Но это будет недолго, только до конца жизни - утешил его о. Петр - все верные будут купаться в великой любви вечно. Отрет Бог всякую слезу с очей их...

И долго еще кочегар и девочка говорили о всяких хороших вещах; было ясно, что дружат они давно; настроение у сменщика поднялось и он рассказал, что геронта там, в беседке, вполне успокоил Пашу насчет утраченной мелодии.

Он сказал, что Паша ее вспомнит - и вот как это будет.

Пусть и красивые, но разобщенные созвучия, которые, как кирпичики, хотели сложиться в стройное здание - чтобы, увидев их со стороны, Паша понял, как могут быть они сильны и прекрасны, объединенные одной идеей - что все это озарение для Паши было лишь прообразом того будущего величественного события, когда, объединенные одним устремлением и одной любовью, люди-кирпичики сложатся в стройное здание русского дома - и будут его мощь и красота небывалые! И сгинут с лица Руси мелкие воровские мотивы поведения - им не будет места в этом мире... Это только пока их время и власть тьмы...

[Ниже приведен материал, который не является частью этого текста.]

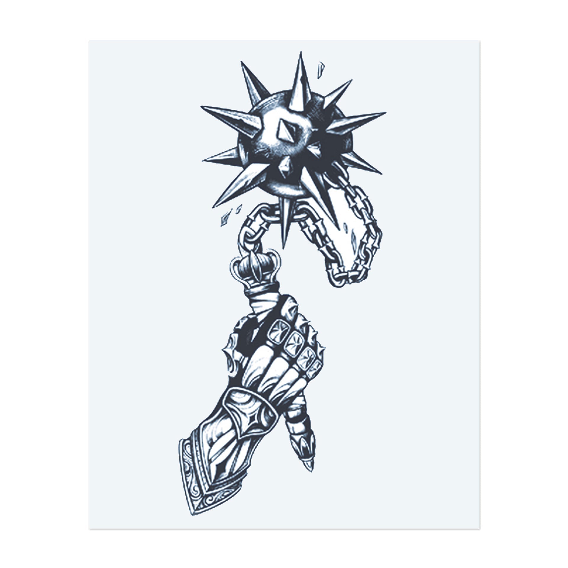 Una mano corazzata che regge una stella del mattino appuntita su una catena. Questo disegno rappresenta forza, resilienza e la capacità di superare le sfide con potenza e determinazione. Ideale per chi abbraccia il proprio spirito guerriero.

Еще сменщик высказал предположение, что геронта вдохновил Пашу написать Русский марш - а для того нужно Паше обойти и узнать каждого - чтобы марш собрал в себя порывы всех!

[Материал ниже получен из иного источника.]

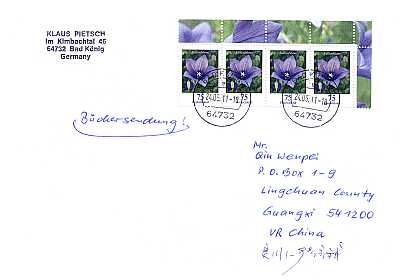 Hinweisvermerk Büchersendung: Ver-merk der auf eine gebührenbegünstigte Grundsendung für den Versand von Druck-werken hinweist (z. B. Bücher, Noten) |

Так они и беседовали; но вот беда - действие первой чаши закончилось, и кочегар стал все чаще останавливаться взглядом то на одной, то на другой своей бумаге; было заметно, что они сбивают его с мысли и настраивают на тот лад чувств, который и молодого человека может сделать сердечником... Кочегар непроизвольно положил руку себе на грудь, где в черных глубинах опять начала зарождаться депрессия размером с космос... И подумалось девочке, что и еще один персонаж сказки не выдуман...

Тогда добрая девочка решилась ему помочь во всем разобраться - и сделала это решительно, не смотря на всю абсурдность той ситуации, когда она является в этих рукописях персонажем, к которому можно обращаться лишь безответно.

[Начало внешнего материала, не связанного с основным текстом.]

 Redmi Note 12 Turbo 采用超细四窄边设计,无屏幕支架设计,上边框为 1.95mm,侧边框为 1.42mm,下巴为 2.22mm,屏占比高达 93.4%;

- Ты только не переживай, друг мой - стала подходить она осторожно, с заботой старшей сестры - но плохо тебе не только от того, что положение серьезное, но и от того, что ты ну никак не понимаешь, что происходит!

- И что происходит? - Встревожился трезвеющий кочегар.

- Начну из далека - или по порядку...

Помнишь, в какой-то рукописи у тебя кочегары выманивают у Барбары пол-литру? (В какой именно - сменщик забыл сам). - Рассказами под настроение последней серии - под то состояние, подыгрывание которому Барбару соблазняло на щедрость к сущим в муках похмелья?

- Ну, припоминаю вроде... (Такого поворота разговора сменщик не ожидал).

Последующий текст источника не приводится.